International Finance Corp, a unit of the World Bank, is launching with several partners an investment facility worth up to $400 million (Dh1.47 billion) for the Middle East and North Africa (Mena) as it tries to spur lending to the region’s large pool of small-and-medium-sized enterprises (SMEs), its chief executive said on Saturday.
IFC will provide $150 million and the European Investment Bank is providing a similar amount, while Agence Francaise de Developpement and the European Commission are also contributing.
“The biggest challenge in this region is economic growth, only with economic growth will we create jobs,” said Jin-Yong Cai at the World Economic Forum. Aside from a difficult business environment and a lack of a skilled labour force, companies in the region were mostly restrained by a lack of access to finance, added Cai, a former Goldman Sachs executive in China.
“Without access to finance, basically people can not reach out, particularly in this region,” Cai said. The focus of the financing facility is on Morocco, Tunisia, Egypt, Lebanon and Jordan. Overall, the Middle East needs to create around 75 million jobs to keep up with the growing populations, the IFC said, while SMEs in the region represent around 80% of all business, making them a crucial employment engine.
The SME facility will help provide risk sharing guarantees to other banks in the hope to boost financing to these type of businesses.
The IFC in 2012 invested more than $20 billion worldwide.
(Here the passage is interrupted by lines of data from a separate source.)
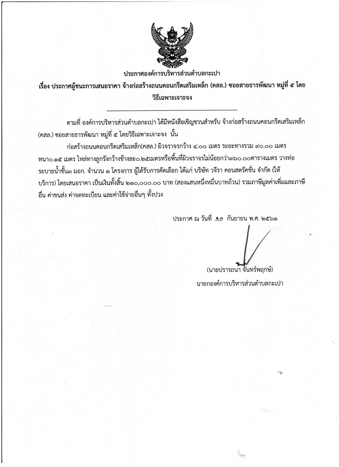 ประกาศผู้ชนะการเสนอราคา จ้างก่อสร้างถนนคอนกรีตเสริมเหล็ก (คสล.) ซอยสายพัฒนา หมู่ที่๕ โดยวิธีเฉพาะเจาะจง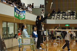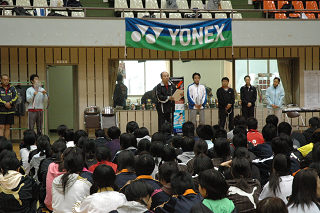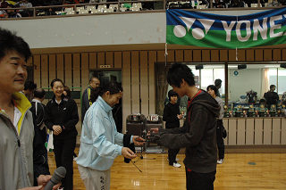 濱島選手からYONEXの新製品NS9900を受け取る松山東高京河選手 |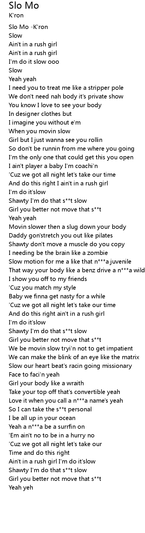 | [01:51.664] | Shawty I'm do that s**t slow |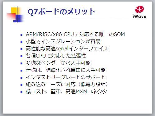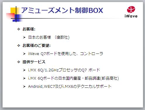 アイウェーブは、 日本のお客様の要求によりiWave Q7ボードを使用したアミューズメント用コントローラを開発・量産化しました。 お客様は、i.MX6 Q7ボードの持つ性能面、コスト面、システム開発の容易性等のメリットを高く評価されて、アミューズメントコントローラ用に選定されました。 1.i.MX6xシリーズのメリット i.MXシリーズの技術資産の活用が可能、高いコスト・パフォーマンス、最適CPUコアの選択、 高いグラフィック能力、多様なI/O、パワーマネジメント等 2.Q7ボードのメリット ARM/RISC/x86 CPUに対応する唯一のSOMスタンダード、小型でインテグレーションが容易、 高性能な高速serialインターフェイス、各種CPUに対応した拡張性、多様なベンダーから入手可能、 仕様は標準化され自由に入手可能、インダストリーグレードのサポート、組み込みニーズに対応 (低電力設計)、低コスト、堅牢、高速MXMコネクタ アイウェーブは、i.MX 6Q/1.2GHzプロセッサのQ7 ボード提供、i.MX 6Qボードの日本国内量産・部品調達(部品商社)、Android,WEC7及びi.MX6のテクニカルサポートを担当し、アミューズメント用コントローラの開発・量産化しました。 アイウェーブは、お客様の様々なご要求に対応して、最適のシステムを短期間に実現、カスタマイズできる実績と体制を持っていますので、お気軽にご相談ください。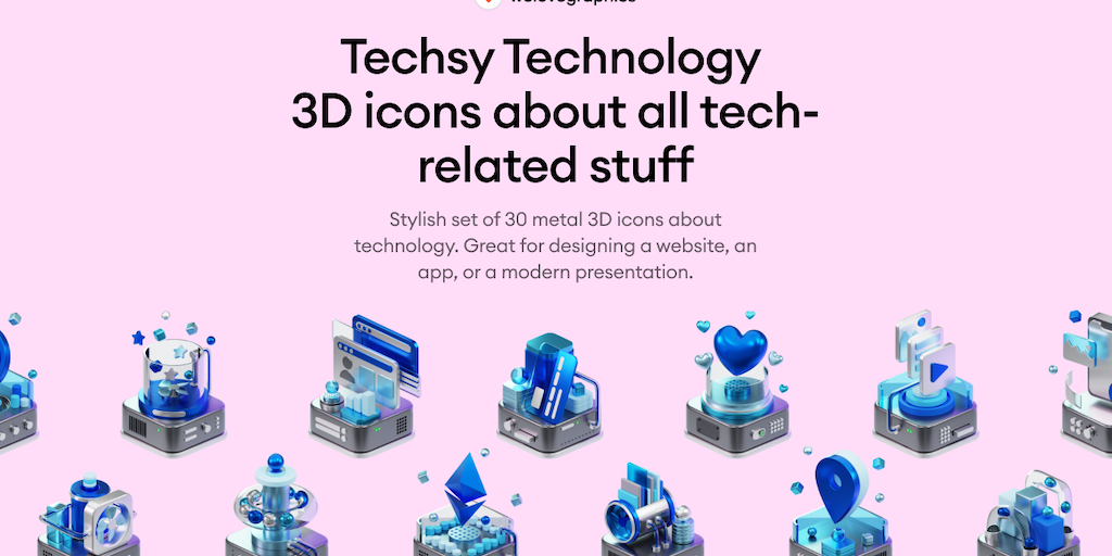Techsy Technology - 30 metal 3D icons about technology | Product Hunt

In the Middle East, it committed around $2.21 billion, an amount it sees steadily rising in the years to come.
Earlier this year, IFC invested around $195 million in Bank Muscat, Oman’s largest lender. Cai said the IFC is planning similar investments in the region, possibly in Gulf banks that are for example looking to expand in places such as Iraq, but also in small-scale payments systems in Egypt.